The scenario had echoes of Dave Sexton pulling Gordon Hill into his office after training one morning and forcing him to watch tapes of the Hungarian wingers of the 50’s— principally, their hard-working attitude. Sexton seemingly did not realise the value of Hill’s natural game, even when the evidence of him being the team’s top goalscorer from the wing made it easy to see. Hill, to give a modern example, had a goal record comparable with Cristiano Ronaldo’s at United, and didn’t even take penalties. Instructing him to be defensive showed a basic misunderstanding of the manager; but, as always, the manager rules. Hill was sold and Mickey Thomas was brought in; the perfect summary of the difference between the Docherty side and the Sexton side. As George Santayana said: Those who cannot remember the past are condemned to repeat it.

Instead of utilising him properly, Moyes — unwittingly — burned Ferdinand out, creating a significantly premature and sad conclusion to his Old Trafford career. The defender was brutally cut from United’s starting XI, brought back for the occasional game before being recalled for a run in the late winter when confidence at the club was rock bottom. Moyes then told Ferdinand that he would not be playing in a Champions League game at Bayern Munich as the team trained in a public park in Germany — a moment the player described as one of the lowest of his career.

With his reputation damaged to the extent he knew the incoming manager would probably not renew his contract, Ferdinand signed a deal at Queens Park Rangers. It did nothing to restore any glory. On a tight pitch, in a team who were forced to defend for the entire game, Ferdinand was required to be more of a Vidic. He wasn’t.
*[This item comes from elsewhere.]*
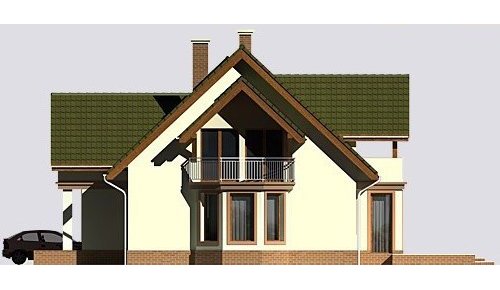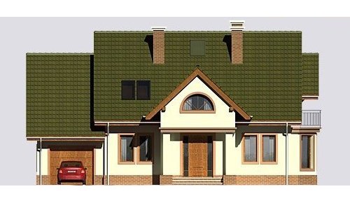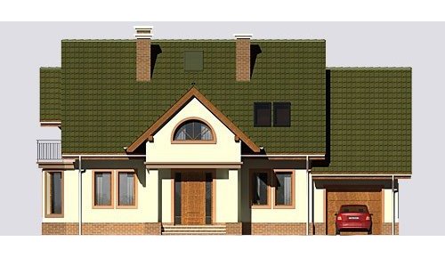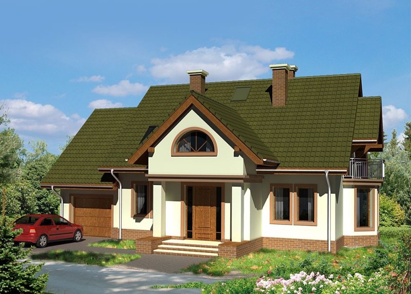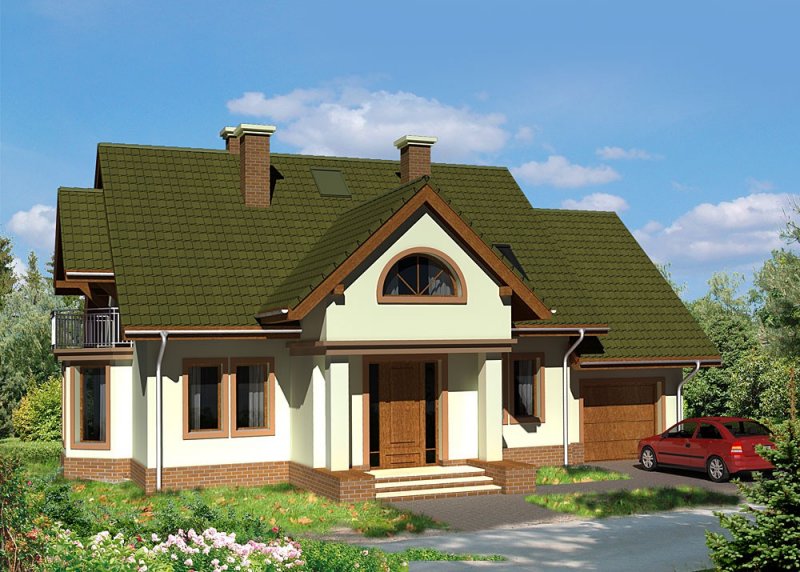 Dom jednorodzinny, parterowy, z poddaszem użytkowym oraz jednostanowiskowym garażem.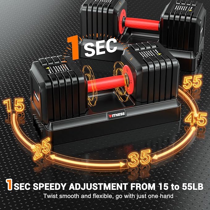 - 5 Weights in 1 Adjustable Dumbbell: Rendpas Adjustable Weights Dumbbells Set offers a comprehensive weight range with a 5-in-1 system that can meet different workout needs; This adjustable dumbbell set can be rotated between weights ranging from 15 lbs to 55 lbs, increasing by 10 lbs with each turn, taking you from beginner to advanced levels and providing a comprehensive range of weights

Ferdinand left with the blessing and good wishes of United fans, unlike Vidic, who left under a bit of a cloud when it was announced in early March that he had signed for Inter Milan. Vidic had become disillusioned with life under David Moyes but the timing of the announcement, from the club captain of all people, coming at a stage when United were making a desperate last throw of the dice for Champions League qualification, was, for some, an unforgivable show of disloyalty.

Time was almost up for Moyes, but the way Rio Ferdinand was handled was a case study for everything that went wrong for the Scot in those few months; the understandable misunderstanding, the questionable decision of resolution and the poor man-management which undermined all the work Sir Alex Ferguson had done. 27 years work undone in roughly 27 weeks.